После пива на душе у друзей стало как–то приятнее, а воздух чище и прохладнее… Над дудергофской горой собирались облака. Блестела на солнце речка Лиговка, с камышом и ивами по берегам.
— Красота! — подвёл итог Рубанов, увернувшись от велосипедиста. — Правильно в народе говорят, — стряхнул какую–то пылинку с рукава белоснежного кителя…
— Только мысль не забывай, — забеспокоился Зерендорф. — Доводи фразу до логического завершения.
— У отца было три сына… Двое умных, а третий…
— Зерендорф! — подсказал Дубасов.
— Велосипедист! — поправил его Аким.
По нешироким дорожкам возле дач гонялись друг за дружкой дети, вопя при этом так, что визг Зерендорфа казался бы шёпотом. Сновали велосипедисты, за ними с лаем гонялись собачонки, своим чадам чего–то кричали бонны, нянечки и мамы. Из окон, во всю срамя за тихий звук музыкальную машину, что скрипела в пивной, гремели граммофоны, бодро наяривая «Коробушку», «Из–за острова на стрежень», «Есть на Волге утёс».
— Хорошо отдыхать за городом, — ещё раз повторил Рубанов. — Покой и тишина…
На даче, куда, толкнув калитку, прошли офицеры, граммофон пафосно хрипел тоску о Ермаке.
«Ревела-а буря, дождь шуме–е–л», — подпел Дубасов, пройдя по тропинке к скрипучим качелям. — Капитальная вещь, — похвалил он, — не то, что дощечка на верёвочках…
— Справа шмель! — рявкнул Рубанов.
Но не успели они с Зерендорфом насладиться зрелищем прянувшего в сторону и замахавшего руками друга, как все дачные звуки, включая ревущую из трубы бурю, перекрыл радостный вопль «водоплавающих», со всех ног летевших к ним от небольшой теннисной площадки.
Воздушные блузки пузырились на их спинах, а в руках мелькали ракетки. За ними, в широкополой шляпе, не спеша шла высокая и стройная барышня. Она не кричала от радости и даже не улыбалась, а сосредоточенно поправляла упавшие на плечи светлые локоны.
— Ольга?! — удивлённо подошёл к ней Рубанов и приложился к руке, чуть сдвинув вниз белую тонкую перчатку.
Следом, налобызавшись с водоплавающими, подгрёб Зерендорф и тоже приложился к душистой ручке.
Дубасов гордо отвернулся, взяв под руку Полину, и они направились на веранду.
— Мне пора, — помахала подругам Ольга, и, не оглядываясь, пошла по тропинке к калитке.
Аким уже поднялся на веранду с резными деревянными украшениями по карнизу, когда услышал негромкое:
— Проводите меня, Рубанов.
Он оглянулся, раздумывая, показалось ему или нет.
Друзья рассаживались вокруг накрытого скатертью стола с медным самоваром и четырьмя чашками с красными ободками.
Висевшие над дверью часы выплюнули кукушку, которая гавкнула и скрылась, хотя стрелки показывали 8 вечера.
— Вас зовут, — подтвердила беленькая Полина, разливая по чашкам чай.
«Надеюсь, это она не про кукушку… Да и пятой чашки всё равно нет» — вздохнул и направился к калитке.
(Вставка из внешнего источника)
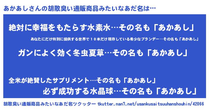 | 意味不明あだ名 | 『自称あかあし』『永久保存あかあし』 |
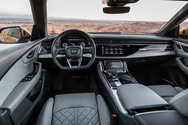 If the new Audi looks oddly familiar, it’s because it shares an architecture and rough dimensions with Lamborghini’s Urus. The Q8 has the same stout proportions. It looks enormously wide on the road, bursting out of its lane.

Ольга ожидала его на тропинке, крутя над головой зонтик.
«Вроде бы давеча зонта у неё не было».
— Пятый лишний, — улыбнувшись, произнесла она, и смело взяла растерявшегося кавалера под руку, прижав его локоть к своей груди. — Если хотите чаю, пойдёмте ко мне, — пресекла попытку Акима немного отодвинуть локоть. — У меня как раз имеется лишняя чашка. А прежде прогуляемся… Вот эта прекрасно утоптанная тропинка с зелёной травкой по краям, приведёт нас к речке, где и искупаемся, — смеясь глазами, раскрыла план действий.
— Как искупаемся? — всё–таки сумел отстранить локоть от груди Аким.
— Обыкновенно, — закрыв зонтик, томным голосом прошептала она, попытавшись вернуть мужской локоть на место. — Я в неглиже… А вы, сударь, ежели стесняетесь, то в прекрасных своих белоснежных кальсонах, — не выдержав, весело расхохоталась, вовсе отпустив руку Акима.
— Откуда про мои кальсоны знаете? — немного пришёл в себя кавалер.
— Да уж знаю! — вновь ухватила его за руку и потащила к купальне.
— Я сейчас закричу! — тоже засмеялся Аким, решив плыть по течению судьбы. — Я, оказывается, теряюсь от женского напора.., ведь так ещё юн и наивен…
— Пора бы и повзрослеть, — сняла шляпу и стала расстёгивать блузку, — а то так и будете из кустов за дамами подглядывать…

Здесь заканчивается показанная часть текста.